Buenos Aires — The Buenos Aires Stock Exchange has become more like a bureau de change than a traditional stock market: the bulk of the transactions have much more to do with foreign exchange hedging than with the profitability of investing in market securities. And the Argentine government is well aware of this, and has no qualms about damaging the parities of its own debt instruments in order to temporarily lower the financial quotations of the US dollar and, thus, gain a few hours of respite.
Between Tuesday and Wednesday of this week, the dollar spot (CCL), which is obtained by buying an instrument in the Buenos Aires Stock Exchange and then selling it abroad, went through the roof and public agencies began selling bonds to push prices down.
The AL30 US-dollar bond dropped 9.36% in a single day, to close Wednesday at 22.17% on the Buenos Aires Stock Exchange.

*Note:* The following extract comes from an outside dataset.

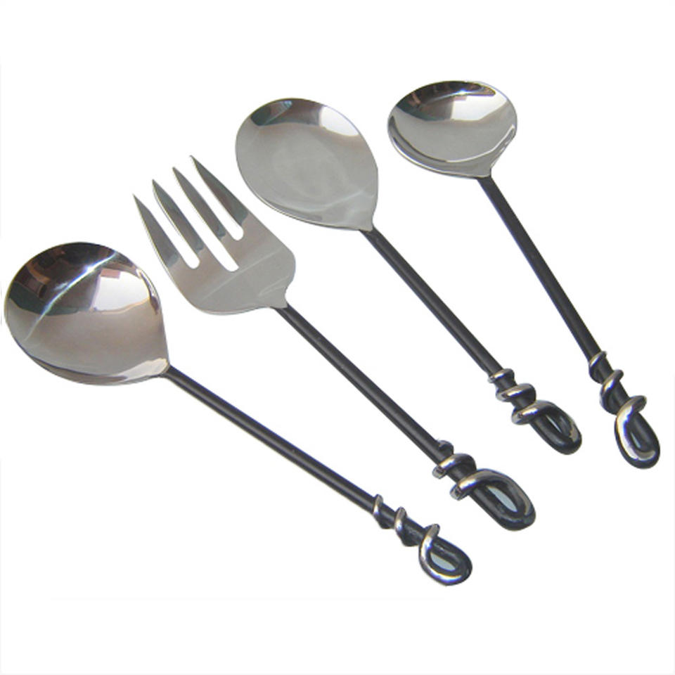 ร้อนขายขายส่ง Flatware ช้อนส้อมมีดสแตนเลสสีดําชุดช้อนส้อมสําหรับงานปาร์ตี้

In addition to the damage self-inflicted by the Argentine government, there was a global flight to quality that impacted not only the parities of bonds issued under local jurisdiction, but also those issued in the United States. So much so that the GD30 bond fell 8.61% in the United States, to $24.15. This bond already costs 32% less than it did on March 17, hours before Economy Minister Sergio Massa announced that he was going to buy back the instrument.
Market reaction
“The government made clear its intention to take any necessary measure to contain the dollar, which led to a 9% drop in the last half hour of the trading session, leaving the country risk above 2,500 points,” according to a report by Delphos Investment.
The MEP dollar had peaked above 425 pesos yesterday, before falling to around 410.
In the last quarter of the trading session, 100 million nominals were traded, which resulted in a nominal volume of 380 million, marking a record since the issuance of the security.
“The intention to contain the exchange rate is severely affecting bond parities, which are trading at the lowest levels so far this year, falling more than 30% from the maximum reached in February and trading close to values prior to the entry into office of the economy minister,” Delphos Investment.
On the other hand, roker Aurum Valores stated that “the government’s intervention in the last hour collapsed the prices of bonds in pesos and also in dollars”.
It should be taken into account that, according to a statement issued by the Oil Industry Chamber, soybean trading is delayed both due to weather conditions and to the strike in the country’s ports.
However, it does not seem to be a coincidence that the volume traded has dropped sharply in the last two days at the same time that the financial dollar soared, which considerably reduces the attractiveness of the program. It is for this reason, among others, that the Government needs the gap between the CCL and the official rate not to go through the roof.